Recently, as a part of the production of spatial information by smart cities, three-dimensional reproduction of structures for reverse engineering has been attracting attention. In particular, terrestrial LiDAR is mainly used for 3D reproduction of structures, and 3D reproduction research by UAS has been actively conducted. However, both technologies produce blind spots due to the shooting angle. This study deals with vertical structures. 3D model implemented through SfM-based image analysis technology using UAS and reproducibility and effectiveness of 3D models by terrestrial LiDAR-based laser scanning are examined. In addition, two 3D models are merged and reviewed to complement the blind spot.

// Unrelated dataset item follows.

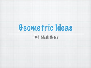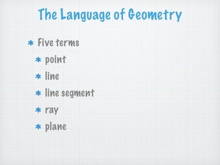 The document defines and provides examples of five basic geometric terms: point, line, line segment, ray, and plane. It explains that a point denotes a specific location in space, a line consists of points forming a continuous straight path, a line segment is part of a line between two endpoints, a ray has one endpoint and extends indefinitely in one direction, and a plane is a flat surface defined by any three non-collinear points. Examples are given to illustrate each term and how they are symbolized.

For this purpose, UAS based image is acquired for artificial rock wall, VCP and check point are set through GNSS equipment and total station, and 3D model of structure is reproduced by using SfM based image analysis technology. In addition, Through 3D LiDAR scanning, the 3D point cloud of the structure was acquired, and the accuracy of reproduction and completeness of the 3D model based on the checkpoint were compared and reviewed with the UAS-based image analysis results. In particular, accuracy and realistic reproducibility were verified through a combination of point cloud constructed from UAS and terrestrial LiDAR. The results show that UAS - based image analysis is superior in accuracy and 3D model completeness and It is confirmed that accuracy improves with the combination of two methods. As a result of this study, it is expected that UAS and terrestrial LiDAR laser scanning combination can complement and reproduce precise three-dimensional model of vertical structure, so it can be effectively used for spatial information construction, safety diagnosis and maintenance management.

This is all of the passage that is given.